DESCRIPTION OF THE TASK: Everything from the line with "At least that" to the last line of the listing must be retyped exactly, both ends included, with the pictures dropped.

DATA EXTRACTS:
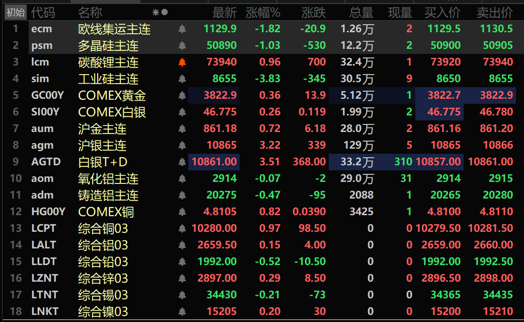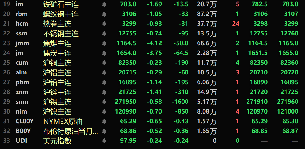 SMM9月29日讯: 金属市场方面: 截至午间收盘,内盘基本金属全线下跌,沪铜跌0.23%。沪铝跌0.29%,沪铅跌1.14%,沪锡跌0.58%,沪镍跌0.7%,沪锌跌1.41%。 此外,铸造铝主连期货跌0.47%,氧化铝主连跌0.07%。碳酸锂主连涨0.96%,工业硅主连跌3.83%。多晶硅主连跌1.03%。 黑色系均飘绿,铁矿跌1.69%,螺纹跌1.05%,热卷跌0.93%,不锈钢跌0.74%。双焦方面:焦煤主力合约跌4.12%,焦炭主力合约跌3.75%。 外盘金属方面,截至11:38分,LME金属多飘红,伦铜涨0.97%,伦铝涨0.15%,伦锌涨0.29%,伦铅跌0.52%,伦镍涨0.2%,伦锡跌0.21%。 贵金属方面,截至11:38分,COMEX黄金涨0.36%,盘中刷新历史新高至3828.5美元/盎司;COMEX白银涨0.26%,盘中刷新历史新高至47.045美元/盎司。内盘贵金属方面:沪金主连涨0.72%,盘中刷新历史新高至865.28元/克;沪银主连涨3.22%,盘中刷新历史新高至10988元/千克。 全球最大的黄金支持交易所交易基金SPDR Gold Trust称,其持仓量从周四的996.85吨增至周五的1,005.72吨,增幅为0.89%。 巴克莱银行策略师上周日在报告中表示,相对于美元和美国国债,黄金价格似乎没有被高估;考虑到美联储可能失去独立性的风险性质,黄金价格应该包含一定程度的美联储相关溢价。今年以来金价已飙升逾40%,受央行需求和美联储恢复降息刺激,金价迭创新高。金价势将连续三个季度录得上涨。包括高盛集团和德意志银行在内的银行预计涨势将会持续。 截至午间收盘,欧线集运主力合约跌1.82%,报1129.9点。 截至9月29日11:38分,部分期货午间行情: 》9月29日SMM金属现货价格 现货及基本面 铜:今日广东1#电解铜现货对当月合约40元/吨-升水100元/吨,均价升水70元/吨持平上一交易日;湿法铜报贴水40元/吨-贴水20元/吨,均价贴水30元/吨持平上一交易日。广东1#电解铜均价82190元/吨较上一交易日跌300元/吨,湿法铜均价为82090元/吨较上一交易日跌300元/吨。现货市场:周末归来广东库存继续下降,目前已经8连降,节前下游生产积极性较高是原因之一……》点击查看详情 宏观面 国内方面: 【工信部等八部门印发《有色金属行业稳增长工作方案(2025—2026年)】工业和信息化部等八部门印发《有色金属行业稳增长工作方案(2025—2026年)》,其中提到,2025—2026年,有色金属行业增加值年均增长5%左右,经济效益保持向好态势,十种有色金属产量年均增长1.5%左右,铜、铝、锂等国内资源开发取得积极进展,再生金属产量突破2000万吨,高端产品供给能力不断增强,绿色低碳、数字化发展水平持续提升。方案提到,统筹利用超长期特别国债等现有资金渠道,支持有色金属资源开发、高端材料攻关、节能减污降碳、数字化改造等。用好新材料首批次保险补偿等政策,支持初期市场培育。发挥人民银行信贷市场服务平台、国家产融合作平台作用,引导银行等金融机构按照市场化法治化原则,精准有效支持符合行业规范、自律公约等条件的项目建设和升级改造。用足用好现有减税降费政策。适时丰富重要有色金属期货交易品种和金融衍生品种。做好重要品种国家储备。加强相关国有企业考核引导,更多鼓励资源开发、技术创新和成果转化。实施制造业人才支持计划,建好用好国家卓越工程师实践基地,培育一批高水平技术、技能、管理人才。》点击查看详情 【住建部:保质保量完成城市危旧房改造年度计划】住房城乡建设部近日召开全系统安全生产视频调度会议。会议强调,按照安全生产治本攻坚三年行动工作要求,对各项工作进行再落实、再部署,加快推进全国城市燃气管道安全专项治理行动、城镇燃气安全专项整治,保质保量完成城市危旧房改造年度计划,做好房屋市政工程施工安全管控,加强建设工程消防设计审查验收管理,全力以赴保障城市运行安全,确保按时完成年度目标任务。要切实做好中秋国庆假期安全防范工作,紧盯重点领域、主要场所、关键部位,严密防控安全风险。 【中国家用电器协会倡议:杜绝无序低价竞争 坚决不搞低于成本价倾销】中国家用电器协会发布关于加强家电行业自律与公平竞争的倡议:1.坚持公平竞争、相互尊重、协同共享、高质量发展的原则,共同营造公平竞争的市场环境,促进家电行业健康发展;2.构建卓越的科技创新能力,尊重知识产权,以科技创新引领行业发展;3.以用户需求为导向,严控产品质量标准,实现优质产品供给;4.全面加强售前咨询、售中安装、售后维修服务水平,向广大消费者提供优质服务;5.严格落实《保障中小企业款项支付条例》,构建“分工协作、互利共赢”的产业生态。同时,坚决反对各类不正当竞争行为。 【中汽协:8月汽车商品进出口总额为258.1亿美元 环比增长3.3%】据中国汽车工业协会整理的海关总署数据显示,2025年8月,汽车商品进出口总额为258.1亿美元,环比增长3.3%,同比下降0.3%。其中进口金额41.7亿美元,环比下降7.4%,同比下降38.4%;出口金额216.4亿美元,环比增长5.6%,同比增长13.2%。2025年1-8月,全国汽车商品累计进出口总额为1820.1亿美元,同比下降1.2%。其中进口金额305.0亿美元,同比下降33.1%;出口金额1515.2亿美元,同比增长9.2%。 【央行公开市场今日净投放481亿元】央行今日开展2886亿元7天逆回购操作,操作利率为1.40%,与此前持平。因今日有2405亿元7天期逆回购到期,当日实现净投放481亿元。 ►9月29日银行间外汇市场人民币汇率中间价为1美元对人民币7.1089元 美元方面: 截至11:38分,美元指数跌0.24%,报97.95。 美国商务
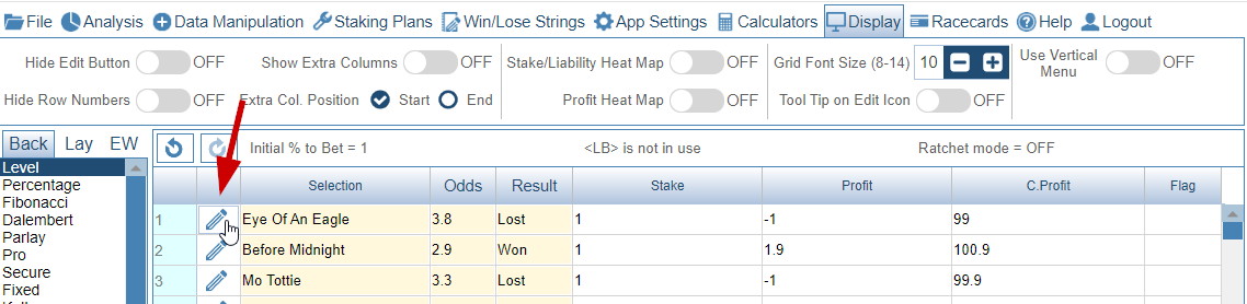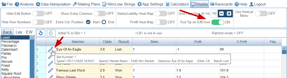 Second image shows Tool Tip on Edit Icon Switched ON. An extended tool tip is displayed that shows the data for entire row.
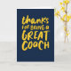 Merci d'être un excellent entraîneur ! Cette carte élégante et amusante est une excellente façon de montrer votre appréciation pour une saison sportive réussie. L'arrière - plan est une marine classique avec des lettres dorées mais peut être changé en cliquant sur "customiser plus loin". L'intérieur comprend du texte personnalisable et beaucoup de place pour toute l'équipe à signer si nécessaire. Idéal pour les sportifs petits et grands !
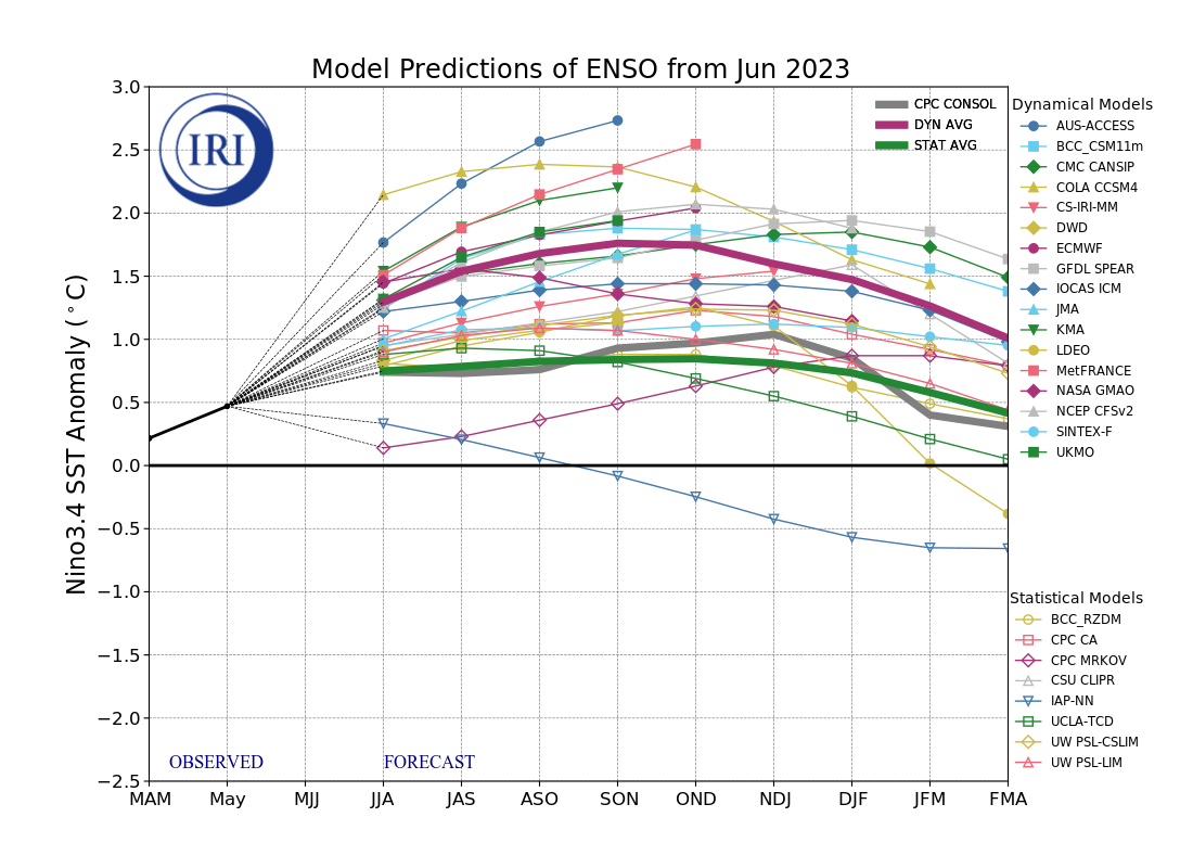 At least that is what pops out of the latest computer runs of the various dynamical and statistical models that IRI/Columbia Uni. present each month in the ENSO Forecast Quick Look.
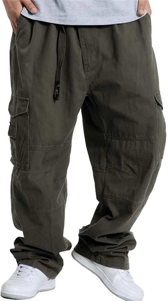 men Baggy Cargo Pants Casual Loose Fit Elastic Waist Cotton Twill Cargo Pants

YOUR SOLUTION:
 At least that is what pops out of the latest computer runs of the various dynamical and statistical models that IRI/Columbia Uni. present each month in the ENSO Forecast Quick Look.
 men Baggy Cargo Pants Casual Loose Fit Elastic Waist Cotton Twill Cargo Pants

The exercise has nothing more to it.